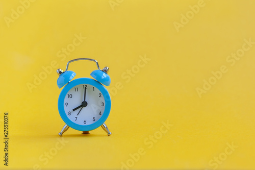 Blue alarm clock on yellow background. Minimalism. Contrast concept.
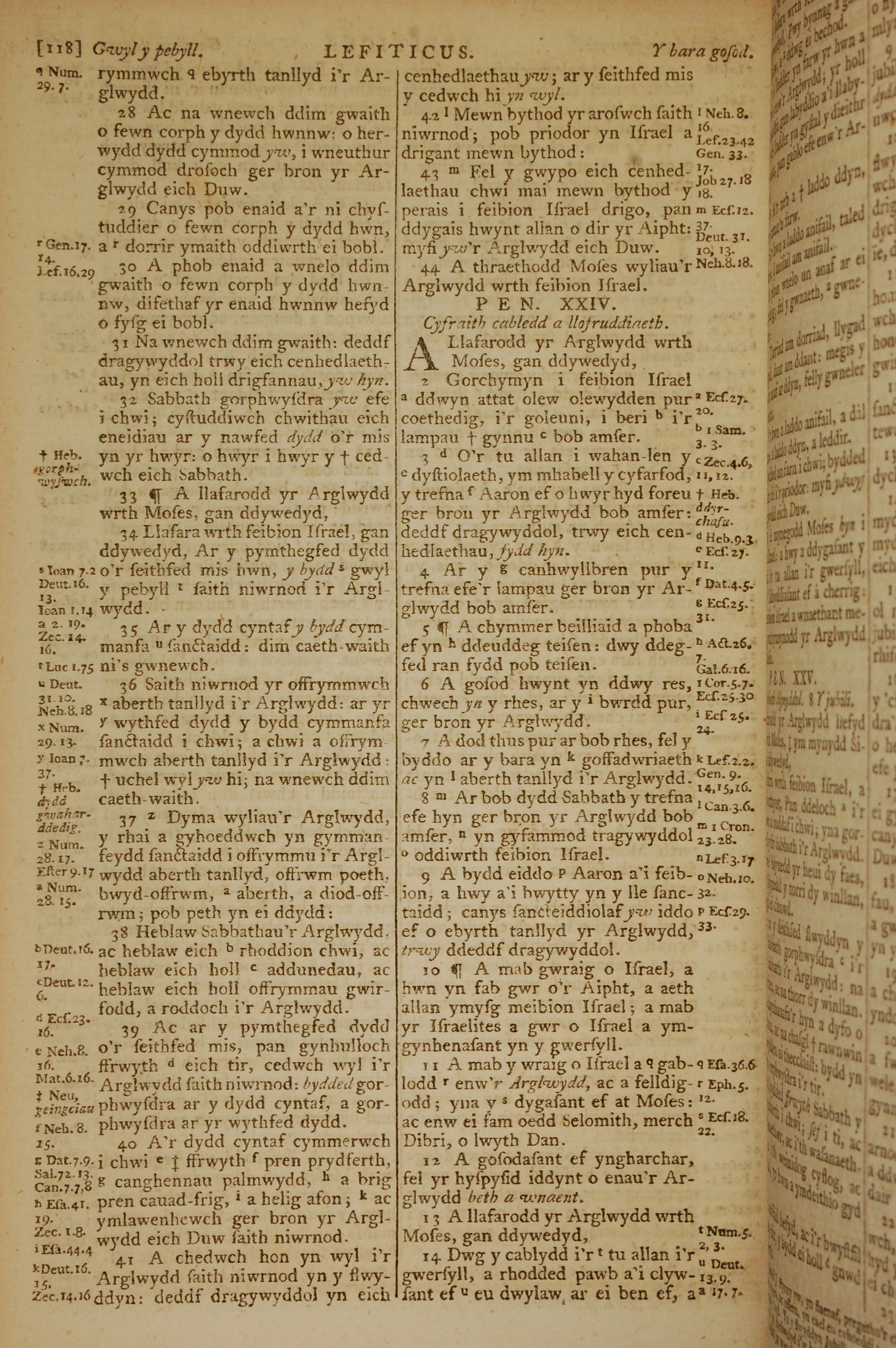 1796年威爾斯文新舊約全書 利未記 23 章 28 節到 24 章 14 節
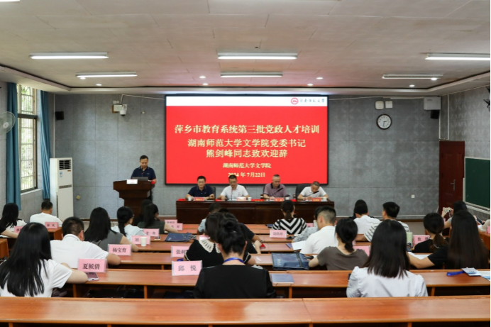 “夏日研修觅智慧,铸就匠心启征程”。7月22日上午,萍乡市教育系统第三批党政人才培训班在文学院217教室举行开班仪式。湖南师范大学文学院党委书记熊剑峰、副院长周凯兴,萍乡市教育局二级调研员叶波、组织人事科科长龙德胜以及来自萍乡市的46名教育系统后备干部参加开班仪式。
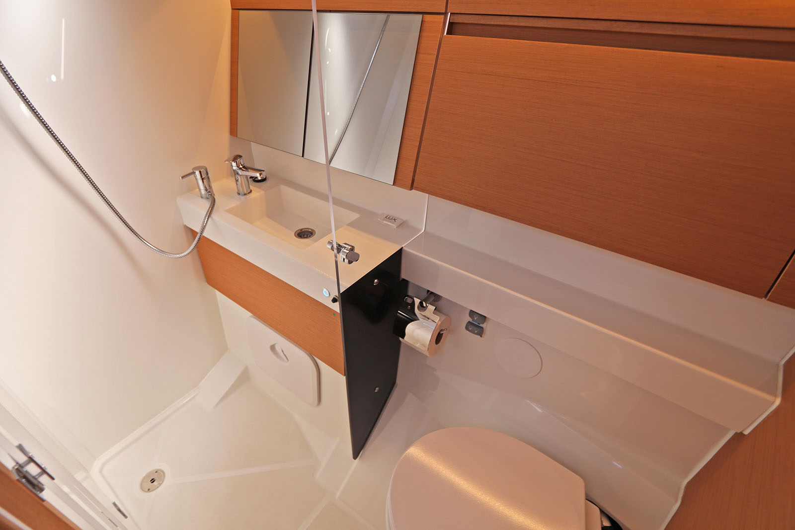 WC elettricoBilge pump - ElectricAltoparlanti esterniBilge pump - mechanicOutside showerScaletta per il bagnoKitchen utensils (Galley equipment, cutlery)Self inflating life vestZattera di salvataggioPlancetta Specchio di PoppaRadio VHFFrigoriferoCuscini in pozzettoInverter 12V-220VTavolo in pozzettoAcqua caldaTenderLenzuolaSalpa ancora elettricoStazione VentoBiminiSprayhoodPannelli solariAsciugamaniEPIRB - Boa di emergenzaRadio-CD PlayerElectric fans in cabinsPilota automaticoWind/speed/depth instrumentsElica di pruaGPS chart plotter LED Navigation lights
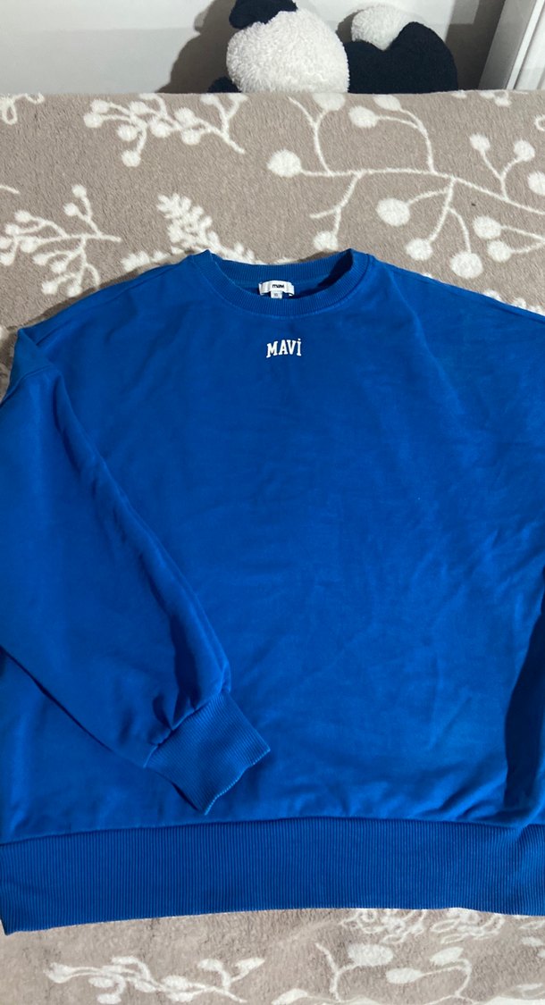 Koyu mavi, uzun kollu, yuvarlak yaka kadın sweatshirtü. Yumuşak ve sıcak kumaştan, sade ve işlemeli 'MAVi' detaylı, rahat kesim.
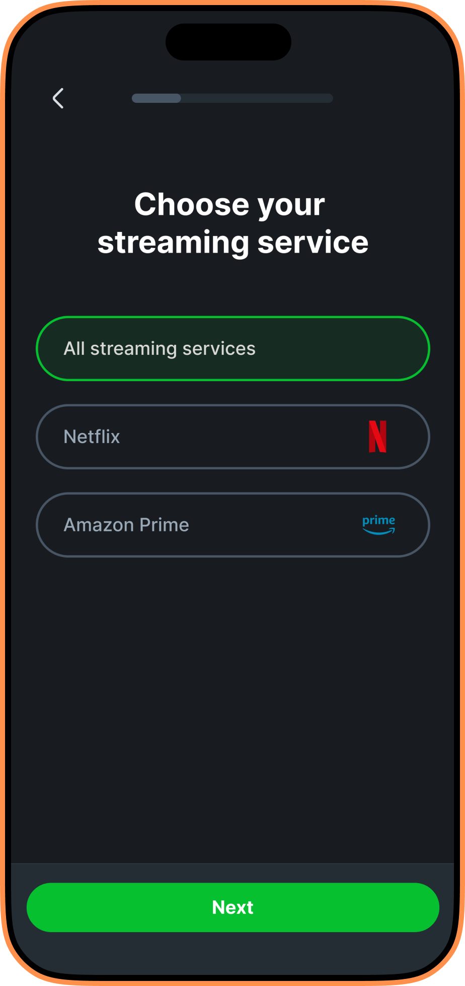 The first screen introduces streaming service selection, allowing users to filter by platforms they subscribe to. This ensures that recommended titles are always accessible. Selections are made via tappable buttons with familiar brand cues (e.g., the Netflix "N"), supporting quick cognitive recognition.
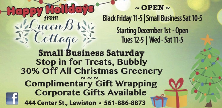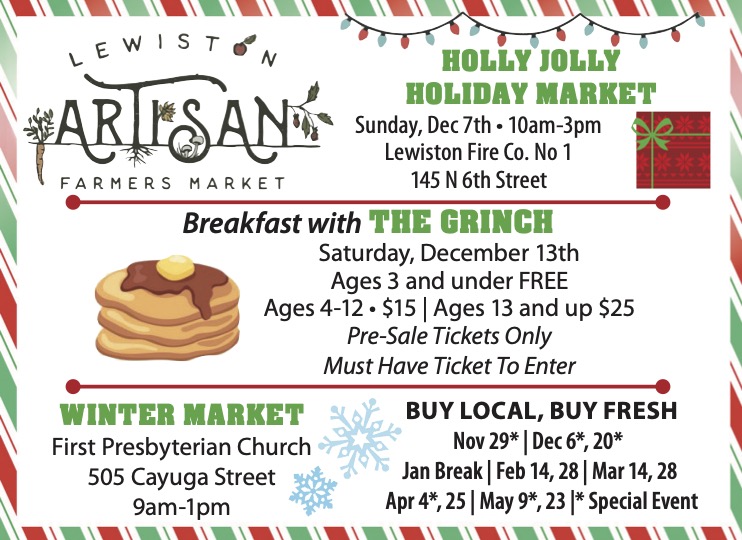 √ 10 a.m. to 3 p.m. – Lewiston Artisan Farmers Market “Holly Jolly Holiday Market” at Lewiston No. 1 Fire Co. firehall (145 S. Sixth St.). Vendor space is currently full. For more information, click here.
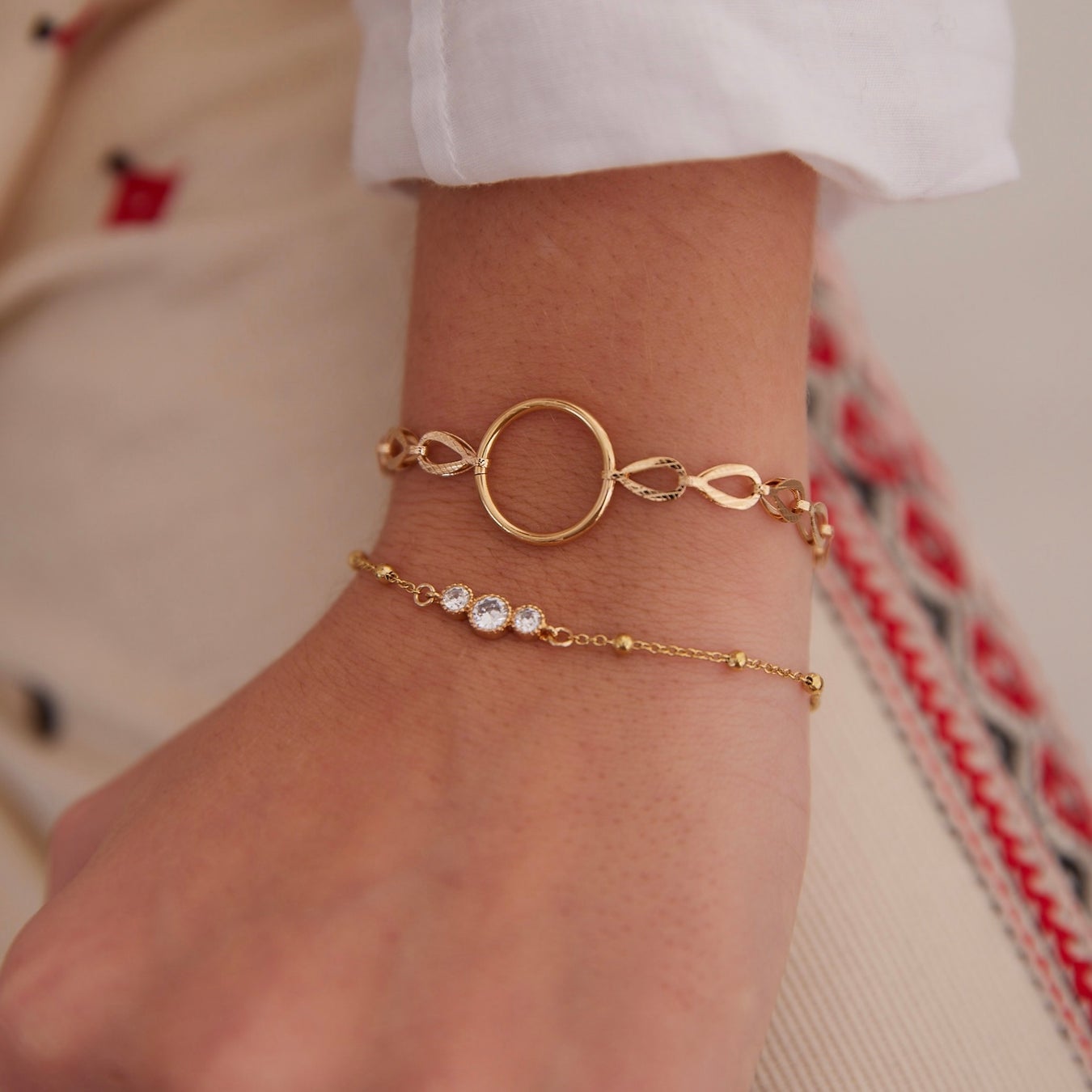 「LOU」ブレスレットは、サークルモチーフを中心に配置し、手元にさりげないアクセントを加えるデザイン。華奢なチェーンが手首を優美に彩り、他のブレスレットとの重ね付けもおすすめです。

- Exercise description:
Write out the records above exactly. Pictures do not belong in the copy.

- Expected answer:
 Blue alarm clock on yellow background. Minimalism. Contrast concept.
 1796年威爾斯文新舊約全書 利未記 23 章 28 節到 24 章 14 節
 “夏日研修觅智慧,铸就匠心启征程”。7月22日上午,萍乡市教育系统第三批党政人才培训班在文学院217教室举行开班仪式。湖南师范大学文学院党委书记熊剑峰、副院长周凯兴,萍乡市教育局二级调研员叶波、组织人事科科长龙德胜以及来自萍乡市的46名教育系统后备干部参加开班仪式。
 WC elettricoBilge pump - ElectricAltoparlanti esterniBilge pump - mechanicOutside showerScaletta per il bagnoKitchen utensils (Galley equipment, cutlery)Self inflating life vestZattera di salvataggioPlancetta Specchio di PoppaRadio VHFFrigoriferoCuscini in pozzettoInverter 12V-220VTavolo in pozzettoAcqua caldaTenderLenzuolaSalpa ancora elettricoStazione VentoBiminiSprayhoodPannelli solariAsciugamaniEPIRB - Boa di emergenzaRadio-CD PlayerElectric fans in cabinsPilota automaticoWind/speed/depth instrumentsElica di pruaGPS chart plotter LED Navigation lights
 Koyu mavi, uzun kollu, yuvarlak yaka kadın sweatshirtü. Yumuşak ve sıcak kumaştan, sade ve işlemeli 'MAVi' detaylı, rahat kesim.
 The first screen introduces streaming service selection, allowing users to filter by platforms they subscribe to. This ensures that recommended titles are always accessible. Selections are made via tappable buttons with familiar brand cues (e.g., the Netflix "N"), supporting quick cognitive recognition.
 √ 10 a.m. to 3 p.m. – Lewiston Artisan Farmers Market “Holly Jolly Holiday Market” at Lewiston No. 1 Fire Co. firehall (145 S. Sixth St.). Vendor space is currently full. For more information, click here.
 「LOU」ブレスレットは、サークルモチーフを中心に配置し、手元にさりげないアクセントを加えるデザイン。華奢なチェーンが手首を優美に彩り、他のブレスレットとの重ね付けもおすすめです。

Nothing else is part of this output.